The study tracked 325 women who described their diets in a questionnaire and then went on to pursue reproduction assistance. The researchers analyzed which of the women went on to get pregnant and have a baby, and how many fruits and vegetables they had reported eating, using a database from the US Department of Agriculture to determine those foods that tend to harbor the most pesticide residues.
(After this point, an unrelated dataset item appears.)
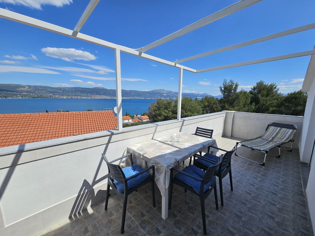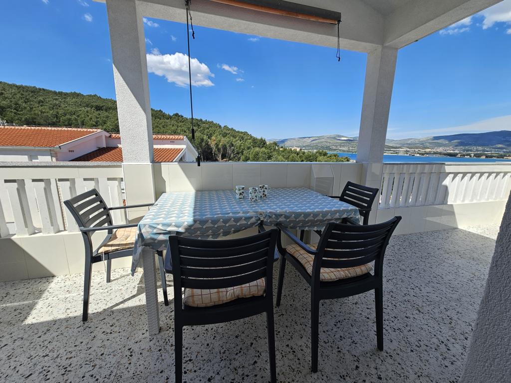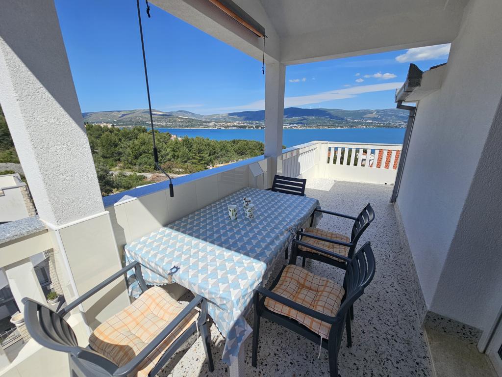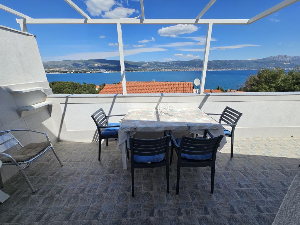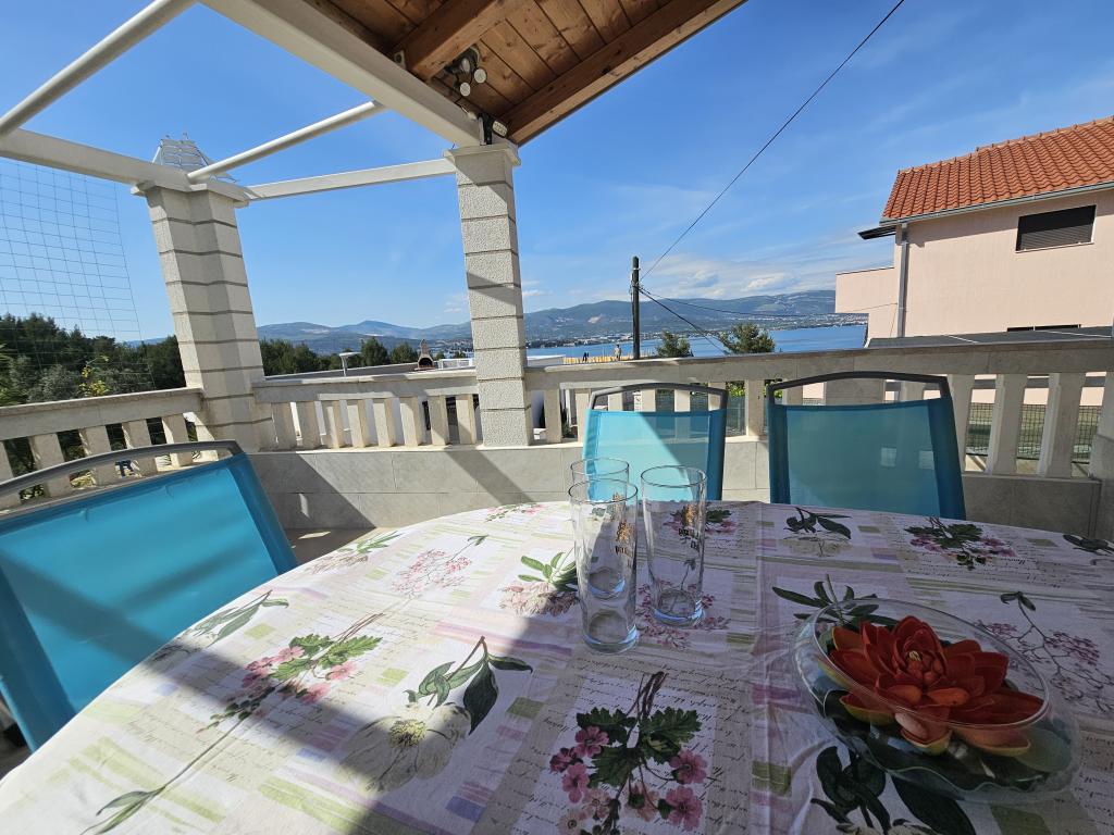 Vi er en familie med 2 voksne og 3 børn (7, 10 og 11 år), og vi havde en god ferie i denne lejlighed! Lejligheden har en dejlig udsigt på havet, nogle minutter for at gå til havet, stranden er ikke meget overfyldt og har nogle skygge, lejligheden var ren da meget godt vedligeholdt, rolig, meget venlig ejere. Adgang til øen tager tid på grund af broerne, du har til at passere. Vi besøgte Split (med båd, afgang danne Slatina), Trogir (parkere din bil før broerne og gå til Trogir, er det ikke langt til fods), gjorde en fisk picnic fra Trogir (båd Mistica) og vi besøgte omgivelserne af en kirke i nærheden af Slatine (smukke omgivelser). Tæt på lejligheden er et supermarked og restauranter.

Among the volunteers, 228 had a baby, but the odds of having a child were greater among women who ate fewer fruits and vegetables with high pesticide residues. Consumption of fruits and veggies with low traces of pesticide did not correlation with fertility.
“I was always skeptical that pesticide residues in foods would have any impact on health whatsoever,” coauthor Jorge Chavarro, an associate professor of nutrition and epidemiology at Harvard T. H. Chan School of Public Health, tells Time. “So when we started doing this work a couple of years ago, I thought we were not going to find anything. I was surprised to see anything as far as health outcomes are concerned.”
Alan Copperman, the director of reproductive endocrinology for the Icahn School of Medicine at Mount Sinai in New York City, notes in an interview with HealthDay that animal studies have found that pesticides can act as endocrine disruptors. However, he cautioned about drawing causative links from this study.
“I would not conclude that a patient should only be eating organically grown fruits and vegetables,” Copperman tells Health Day. “If she eats something not organically grown, she will not be harming herself, her pregnancy or her future child. That would be a huge jump from this article.”